统一信息抽取(UIE)旨在使用单个模型或框架完成所有信息抽取任务。虽然之前的工作主要集中在使用构建数据集对大型语言模型(LLMs)进行指令微调,但这些方法需要大量的计算资源,并且很难将到新的任务上进行泛化。为了克服这些限制,我们提出了RUIE(基于检索的统一信息抽取)框架,该框架利用上下文学习来加速泛化,同时降低计算成本。RUIE的关键挑战是选择对LLM最有益的演示,有效地处理多样IE任务。为了实现这一目标,我们将LLM对候选演示的偏好集成到模型中,并设计了一个关键词增强的奖励模型,以捕捉查询和演示之间的微细关系。然后通过对比学习和对称性传播训练 bi-encoder 检索器 for UIE。据我们所知,RUIE是第一个可训练的 UIE 检索框架。在 8 个有代表性的数据集上的实验结果表明,RUIE在泛化到未见任务方面非常有效,平均 F1 分数和改进分别为 19.22 和 3.13,相对于指令微调方法和其他检索器。进一步的分析证实了RUIE对不同大小LLM的适应性以及其关键组件的重要性。
https://arxiv.org/abs/2409.11673
Generalized Category Discovery (GCD) aims to classify inputs into both known and novel categories, a task crucial for open-world scientific discoveries.
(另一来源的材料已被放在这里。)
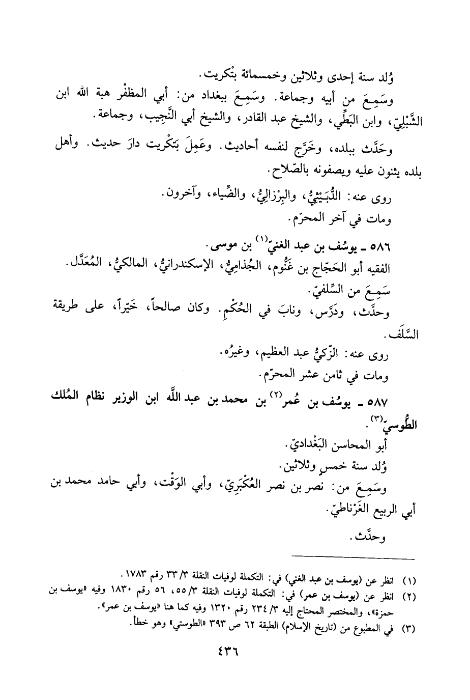 587- يوسف بْن عُمَر [2] بْن مُحَمَّدِ بْن عَبْد اللَّه ابن الوزير نظام المُلك الطُّوسِيّ [3] .

However, current GCD methods are limited to unimodal data, overlooking the inherently multimodal nature of most real-world data. In this work, we extend GCD to a multimodal setting, where inputs from different modalities provide richer and complementary information. Through theoretical analysis and empirical validation, we identify that the key challenge in multimodal GCD lies in effectively aligning heterogeneous information across modalities. To address this, we propose MM-GCD, a novel framework that aligns both the feature and output spaces of different modalities using contrastive learning and distillation techniques. MM-GCD achieves new state-of-the-art performance on the UPMC-Food101 and N24News datasets, surpassing previous methods by 11.5\% and 4.7\%, respectively.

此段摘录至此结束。